After exhibiting at the Salon in 1874 and 1875, she took part in the Impressionist exhibitions of 1879, 1880 and 1886. In spite of the support of friends such as Gustave Geffroy, her husband was against any broadening of her career, and confined to Sèvres she produced only a limited amount of work.

According to her son Pierre, Félix Bracquemond was often resentful of his wife, brusquely rejecting her critique of his work, and refusing to show her paintings to visitors. In 1890, Marie Bracquemond, worn out by the continual household friction and discouraged by lack of interest in her work, abandoned her painting except for a few private works. She remained a staunch defender of Impressionism throughout her life, even when she was not actively painting.

The retrospective exhibition of 1919 at the Galerie Bernheim-Jeune, Paris, included 90 paintings (to a large extent small sketches), 34 watercolours and 9 engravings.

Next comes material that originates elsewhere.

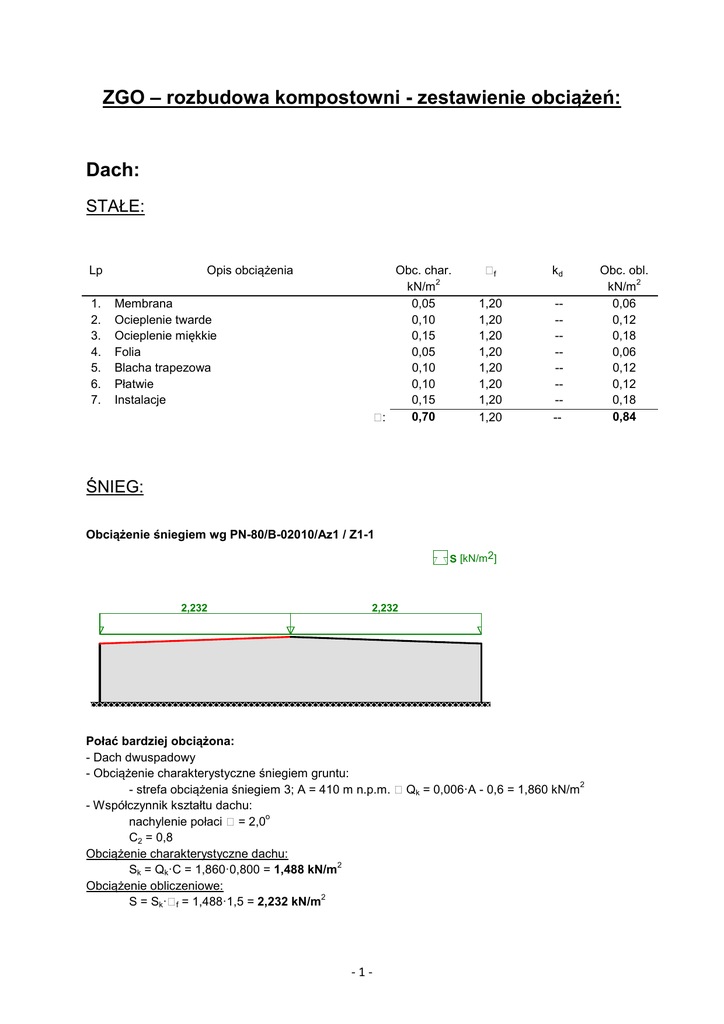 ZGO – rozbudowa kompostowni - zestawienie obciążeń: Dach: STAŁE: Lp 1. 2. 3. 4. 5. 6. 7. Opis obciążenia Obc. char. 2 kN/m 0,05 0,10 0,15 0,05 0,10 0,10 0,15 0,70 : Membrana Ocieplenie twarde Ocieplenie miękkie Folia Blacha trapezowa Płatwie Instalacje f kd 1,20 1,20 1,20 1,20 1,20 1,20 1,20 1,20 --------- ŚNIEG: Obciążenie śniegiem wg PN-80/B-02010/Az1 / Z1-1 S [kN/m2] 2,232 2,232 Połać bardziej obciążona: - Dach dwuspadowy - Obciążenie charakterystyczne śniegiem gruntu: 2 - strefa obciążenia śniegiem 3; A = 410 m n.p.m. Qk = 0,006·A - 0,6 = 1,860 kN/m - Współczynnik kształtu dachu: o nachylenie połaci = 2,0 C2 = 0,8 Obciążenie charakterystyczne dachu: 2 Sk = Qk·C = 1,860·0,800 = 1,488 kN/m Obciążenie obliczeniowe: 2 S = Sk·f = 1,488·1,5 = 2,232 kN/m -1- Obc. obl. 2 kN/m 0,06 0,12 0,18 0,06 0,12 0,12 0,18 0,84 WIATR: Obciążenie wiatrem wg PN-B-02011:1977/Az1 / Z1-3 p [kN/m2] -0,795 -0,353 H=10,0 kierunek wiatru B=50,0 Połać nawietrzna: - Budynek o wymiarach: B = 50,0 m, L = 70,0 m, H = 10,0 m o - Dach dwuspadowy, kąt nachylenia połaci = 2,0 - Charakterystyczne ciśnienie prędkości wiatru: 2 - strefa obciążenia wiatrem III; H = 410 m n.p.m. qk = 300·[1+0,0006·(H-300)] ·[(20000H)/(20000+H)] = 327 Pa 2 qk = 0,327 kN/m - Współczynnik ekspozycji: rodzaj terenu: A; z = H = 10,0 m Ce(z) = 0,5+0,05·10,0 = 1,00 - Współczynnik działania porywów wiatru: = 1,80 - Współczynnik ciśnienia wewnętrznego: budynek zamknięty Cw = 0 - Współczynnik ciśnienia zewnętrznego: Cz = -0,9 - Współczynnik aerodynamiczny C: C = Cz - Cw = -0,9 - 0 = -0,9 Obciążenie charakterystyczne: 2 pk = qk·Ce·C· = 0,327·1,00·(-0,9)·1,80 = -0,530 kN/m Obciążenie obliczeniowe: 2 p = pk·f = (-0,530)·1,5 = -0,795 kN/m -2- Obciążenie wiatrem wg PN-B-02011:1977/Az1 / Z1-3 p [kN/m2] -0,795 -0,353 H=10,0 kierunek wiatru B=50,0 Połać zawietrzna: - Budynek o wymiarach: B = 50,0 m, L = 70,0 m, H = 10,0 m o - Dach dwuspadowy, kąt nachylenia połaci = 2,0 - Charakterystyczne ciśnienie prędkości wiatru: 2 - strefa obciążenia wiatrem III; H = 410 m n.p.m. qk = 300·[1+0,0006·(H-300)] ·[(20000H)/(20000+H)] = 327 Pa 2 qk = 0,327 kN/m - Współczynnik ekspozycji: rodzaj terenu: A; z = H = 10,0 m Ce(z) = 0,5+0,05·10,0 = 1,00 - Współczynnik działania porywów wiatru: = 1,80 - Współczynnik ciśnienia wewnętrznego: budynek zamknięty Cw = 0 - Współczynnik ciśnienia zewnętrznego: Cz = -0,4 - Współczynnik aerodynamiczny C: C = Cz - Cw = -0,4 - 0 = -0,4 Obciążenie charakterystyczne: 2 pk = qk·Ce·C· = 0,327·1,00·(-0,4)·1,80 = -0,236 kN/m Obciążenie obliczeniowe: 2 p = pk·f = (-0,236)·1,5 = -0,353 kN/m -3- Ściany: ściana górna lekka Lp 1. 2. 3. 4. 5. 6. 7. Opis obciążenia Obc. char. 2 kN/m 0,10 0,10 0,10 0,10 0,15 0,10 0,10 0,75 Σ: Blacha Ocieplenie Blacha Ryglówka Izolacja akustyczna Blacha Instalacje γf kd 1,20 1,20 1,20 1,20 1,20 1,20 1,20 1,20 --------- γf kd 1,10 1,20 1,20 1,20 1,20 1,12 ------- Obc. obl. 2 kN/m 0,12 0,12 0,12 0,12 0,18 0,12 0,12 0,90 ściana dolna ciężka Lp 1. 2. 3. 4. 5. Opis obciążenia Obc. char. 2 kN/m 6,25 0,15 0,20 1,00 0,10 7,70 Σ: Ściana żelbetowa Izolacja akustyczna Wykończenie Blacha ochronna Instalacje WIATR: Obciążenie wiatrem wg PN-B-02011:1977/Az1 / Z1-1 p [kN/m2] L=70,0 0,618 kierunek wiatru -0,353 -0,618 -0,618 B=50,0 Ściana nawietrzna: - Budynek o wymiarach: B = 50,0 m, L = 70 m, H = 10,0 m -4- Obc. obl. 2 kN/m 6,88 0,18 0,24 1,20 0,12 8,62 - Charakterystyczne ciśnienie prędkości wiatru: 2 - strefa obciążenia wiatrem III; H = 410 m n.p.m. qk = 300·[1+0,0006·(H-300)] ·[(20000H)/(20000+H)] = 327 Pa 2 qk = 0,327 kN/m - Współczynnik ekspozycji: rodzaj terenu: A; z = H = 10,0 m Ce(z) = 0,5+0,05·10,0 = 1,00 - Współczynnik działania porywów wiatru: = 1,80 - Współczynnik ciśnienia wewnętrznego: budynek zamknięty Cw = 0 - Współczynnik ciśnienia zewnętrznego: Cz = 0,7 - Współczynnik aerodynamiczny C: C = Cz - Cw = 0,7 - 0 = 0,7 Obciążenie charakterystyczne: 2 pk = qk·Ce·C· = 0,327·1,00·0,7·1,80 = 0,412 kN/m Obciążenie obliczeniowe: 2 p = pk·f = 0,412·1,5 = 0,618 kN/m Obciążenie wiatrem wg PN-B-02011:1977/Az1 / Z1-1 p [kN/m2] L=70,0 0,618 kierunek wiatru -0,353 -0,618 -0,618 B=50,0 Ściana zawietrzna: - Budynek o wymiarach: B = 50,0 m, L = 70,0 m, H = 10,0 m - Charakterystyczne ciśnienie prędkości wiatru: 2 - strefa obciążenia wiatrem III; H = 410 m n.p.m. qk = 300·[1+0,0006·(H-300)] ·[(20000H)/(20000+H)] = 327 Pa 2 qk = 0,327 kN/m - Współczynnik ekspozycji: rodzaj terenu: A; z = H = 10,0 m Ce(z) = 0,5+0,05·10,0 = 1,00 - Współczynnik działania porywów wiatru: = 1,80 - Współczynnik ciśnienia wewnętrznego: budynek zamknięty Cw = 0 - Współczynnik ciśnienia zewnętrznego: Cz = -0,4 - Współczynnik aerodynamiczny C: C = Cz - Cw = -0,4 - 0 = -0,4 Obciążenie charakterystyczne: 2 pk = qk·Ce·C· = 0,327·1,00·(-0,4)·1,80 = -0,236 kN/m Obciążenie obliczeniowe: -5- p = pk·f = (-0,236)·1,5 = -0,353 kN/m 2 Obciążenie wiatrem wg PN-B-02011:1977/Az1 / Z1-1 p [kN/m2] L=70,0 0,618 kierunek wiatru -0,353 -0,618 -0,618 B=50,0 Ściany boczne: - Budynek o wymiarach: B = 50,0 m, L = 70,0 m, H = 10,0 m - Charakterystyczne ciśnienie prędkości wiatru: 2 - strefa obciążenia wiatrem III; H = 410 m n.p.m. qk = 300·[1+0,0006·(H-300)] ·[(20000H)/(20000+H)] = 327 Pa 2 qk = 0,327 kN/m - Współczynnik ekspozycji: rodzaj terenu: A; z = H = 10,0 m Ce(z) = 0,5+0,05·10,0 = 1,00 - Współczynnik działania porywów wiatru: = 1,80 - Współczynnik ciśnienia wewnętrznego: budynek zamknięty Cw = 0 - Współczynnik ciśnienia zewnętrznego: Cz = -0,7 - Współczynnik aerodynamiczny C: C = Cz - Cw = -0,7 - 0 = -0,7 Obciążenie charakterystyczne: 2 pk = qk·Ce·C· = 0,327·1,00·(-0,7)·1,80 = -0,412 kN/m Obciążenie obliczeniowe: 2 p = pk·f = (-0,412)·1,5 = -0,618 kN/m -6- Komory: Gęstość materiału zasypowego: ~ 15,0 kN/m3 Boksy: Gęstość m

She also produced ceramics and several drawings for ‘La Vie Moderne’ (1879-80). With Morisot, Gonzalès and Cassatt, she was one of the greatest female representatives of Impressionism.

The painting of 1887, above is from a private collection and is entitled “Under the Lamp”. Bracquemond has captured an intimate moment of a couple at the dinner table, the light of the lamp lending an added dimension of cosiness and intimacy to the scene. The subdued lighting has not affected the luminous qualities of her colours. The composition is finely balanced although seemingly asymmetric and the overall effect is one that draws the viewer in, participating in the impression of the moment.


  1. I had never heard of this artist, thank you for the introduction.